→ What is needed
For the material below, set down exactly the lines between the one containing "Control your shades" and the last line, both included, leaving every picture out.

→ Data section
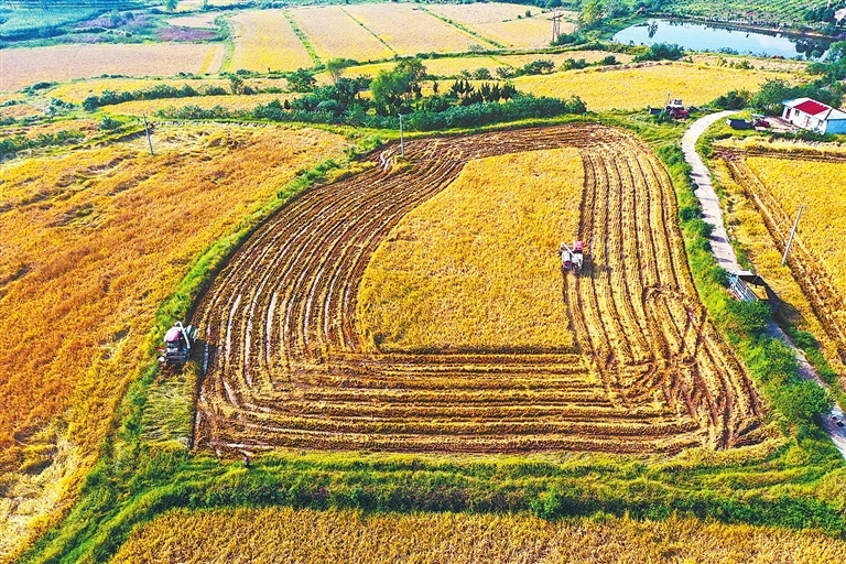 10月5日,在信阳市光山县正礼生态农业开发有限责任公司水稻种植基地,农民正在驾驶收割机抢收水稻。眼下,光山县天气放晴,当地农民抓紧有利天时抢收水稻并及时进行晾晒、储存。
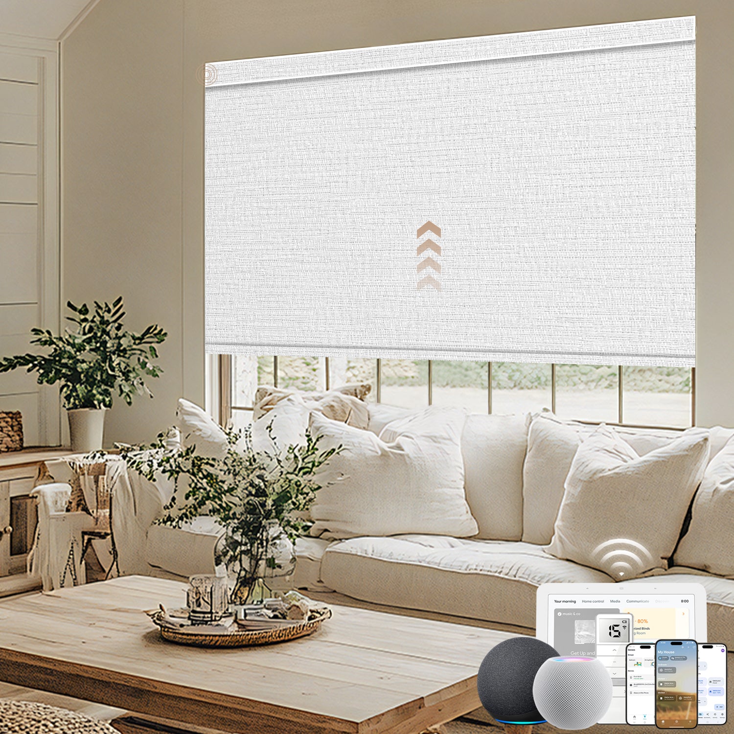 Control your shades effortlessly with Amazon Alexa, Google Assistant, or Apple HomeKit. Use a simple voice command or app to enjoy a smart home—adjust your shades instantly with just one command.
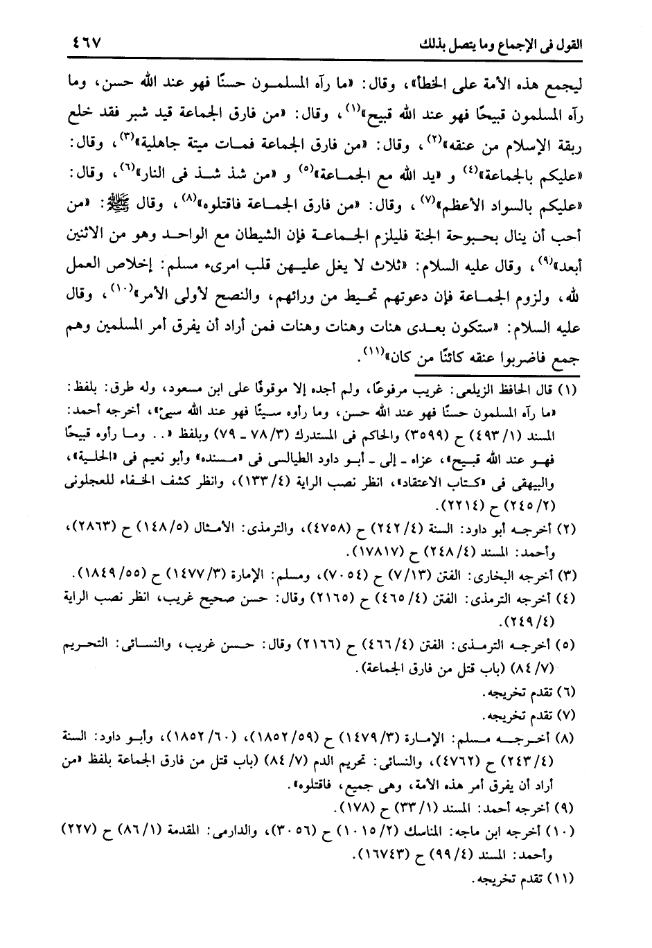 ليجمع هذه الأمة على الخطأ وقال: "ما رآه المسلمون حسنا فهو عند الله حسن وما رآه المسلمون قبيحا فهو عند الله قبيح" 1 وقال: "من فارق الجماعة قيد شبر فقد خلع ربقة الإسلام من عنقه" 2 وقال: "من فارق الجماعة فمات ميتة جاهلية" 3 وقال: "عليكم بالجماعة" 4 و "يد الله مع الجماعة" 5 و "من شذ شذ في النار" 6 وقال: "عليكم بالسواد الأعظم" 7 وقال: "من فارق الجماعة فاقتلوه" 8 وقال صلى الله عليه وسلم: "من أحب أن ينال بحبوحة الجنة فليلزم الجماعة فإن الشيطان مع الواحد وهو من الاثنين أبعد" 9 وقال صلى الله عليه وسلم: " ثلاث لا يغل عليهن قلب امرئ مسلم إخلاص العمل لله ولزوم الجماعة فإن دعوتهم تحيط من ورائهم والنصح لأولي الأمر" 10 وقال صلى الله عليه وسلم ستكون بعدي هنات وهنات فمن أراد أن يفرق أمر المسلمين وهم جمع فاضربوا عنقه كائنا من كان11.

→ Result of the task
 Control your shades effortlessly with Amazon Alexa, Google Assistant, or Apple HomeKit. Use a simple voice command or app to enjoy a smart home—adjust your shades instantly with just one command.
 ليجمع هذه الأمة على الخطأ وقال: "ما رآه المسلمون حسنا فهو عند الله حسن وما رآه المسلمون قبيحا فهو عند الله قبيح" 1 وقال: "من فارق الجماعة قيد شبر فقد خلع ربقة الإسلام من عنقه" 2 وقال: "من فارق الجماعة فمات ميتة جاهلية" 3 وقال: "عليكم بالجماعة" 4 و "يد الله مع الجماعة" 5 و "من شذ شذ في النار" 6 وقال: "عليكم بالسواد الأعظم" 7 وقال: "من فارق الجماعة فاقتلوه" 8 وقال صلى الله عليه وسلم: "من أحب أن ينال بحبوحة الجنة فليلزم الجماعة فإن الشيطان مع الواحد وهو من الاثنين أبعد" 9 وقال صلى الله عليه وسلم: " ثلاث لا يغل عليهن قلب امرئ مسلم إخلاص العمل لله ولزوم الجماعة فإن دعوتهم تحيط من ورائهم والنصح لأولي الأمر" 10 وقال صلى الله عليه وسلم ستكون بعدي هنات وهنات فمن أراد أن يفرق أمر المسلمين وهم جمع فاضربوا عنقه كائنا من كان11.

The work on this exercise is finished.